- In a retrospective study, weight-bearing CT scans of 12 patients with surgically confirmed unilateral syndesmotic instability were compared with those of 24 patients who had no ankle injury
- Weight-bearing CT was able to distinguish between a stable and unstable distal syndesmosis
- Of seven distal tibiofibular joint measurements examined, the syndesmotic area had the highest interobserver agreement and showed the largest difference between normal and abnormal
- The study findings emphasize the critical importance of using a patient's contralateral, uninjured side as their own control
Subscribe to the latest updates from Orthopaedics Advances in Motion
Conventional imaging has drawbacks for diagnosing syndesmotic instability, especially when the instability is subtle. Weight-bearing radiographs have low sensitivity, cross-sectional magnetic resonance imaging can't distinguish injury from instability and traditional computed tomography (CT) only shows alignment without a physiologic load in the unstressed state.
Bilateral weight-bearing CT allows visualization of the distal tibiofibular articulation under physiologic load and simultaneously provides a direct comparison of the injured and uninjured sides. These advantages are important because there is enormous interindividual variability in distal tibiofibular morphology.
In Foot & Ankle International, lead researcher Noortje Hagemeijer, MD, Daniel Guss, MD, MBA, orthopaedic foot and ankle surgeon, Christopher W. DiGiovanni, MD, chief of the Foot and Ankle Service at Massachusetts General Hospital, and colleagues report that weight-bearing CT can distinguish between a stable and unstable distal syndesmosis.
The research team retrospectively studied 12 patients with surgically confirmed unilateral syndesmotic instability and 24 patients with no ankle injury. All patients underwent two-dimensional, bilateral weight-bearing CT scans of the ankle and foot at Mass General between 2015 and 2018.
Patients with no ankle injury had weight-bearing CT to evaluate the Lisfranc joint or a more distal forefoot condition. These control patients' bilateral tibiofibular measurements were compared with the bilateral measurements of the injured group's ankles. Two observers performed all measures independently, using methods described in detail in the paper.
Weight-bearing CT Results
In patients with syndesmotic injuries, four measurements—the syndesmotic area, direct anterior difference, middle difference and direct posterior difference—differed significantly between the injured and uninjured sides. The average difference in syndesmotic area between ankles was 46 mm2.
In patients without syndesmosis injury, no differences were found based on laterality when comparing any of the seven syndesmotic measurements. The average difference in syndesmotic area was only 0.41 mm2.
There was a substantial agreement between the two observers for almost all measurements, with intraclass correlation coefficients ranging from 0.83 for fibular rotation to 0.97 for syndesmotic area. There was moderate agreement (coefficient of 0.80) for fibular sagittal plane position.
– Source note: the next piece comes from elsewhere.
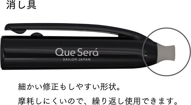 文具メーカー3 社(プラス株式会社、ぺんてる株式会社、セーラー万年筆株式会社)共同開発のインク「Que Será」を搭載した、これまでにない“はがして消せる”ボールペン。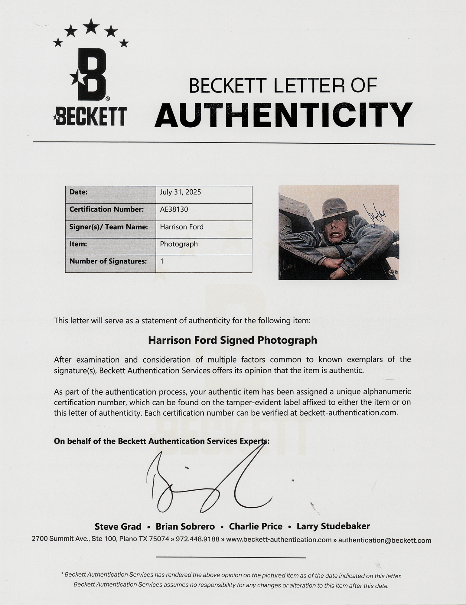 Color glossy 14 x 11 photo of Harrison Ford in his iconic role as adventurer and treasure hunter Indiana Jones, nicely signed in blue felt tip. In very fine condition, with a Beckett label affixed to the lower right corner. Accompanied by a full letter of authenticity from Beckett Authentication Services.

The researchers acknowledge that weight-bearing CT is a relatively new and costly technique, not yet available to all orthopedic surgeons. When possible, though, it will be useful to evaluate the distal tibiofibular articulation under physiologic load and to look carefully at any differences from the contralateral, uninjured side when evaluating for syndesmotic instability.
Because the syndesmotic area demonstrated the greatest differential between the abnormal and normal ankles and had the highest interobserver agreement, it is presumably the most useful measurement for detecting syndesmosis instability in the axial plane.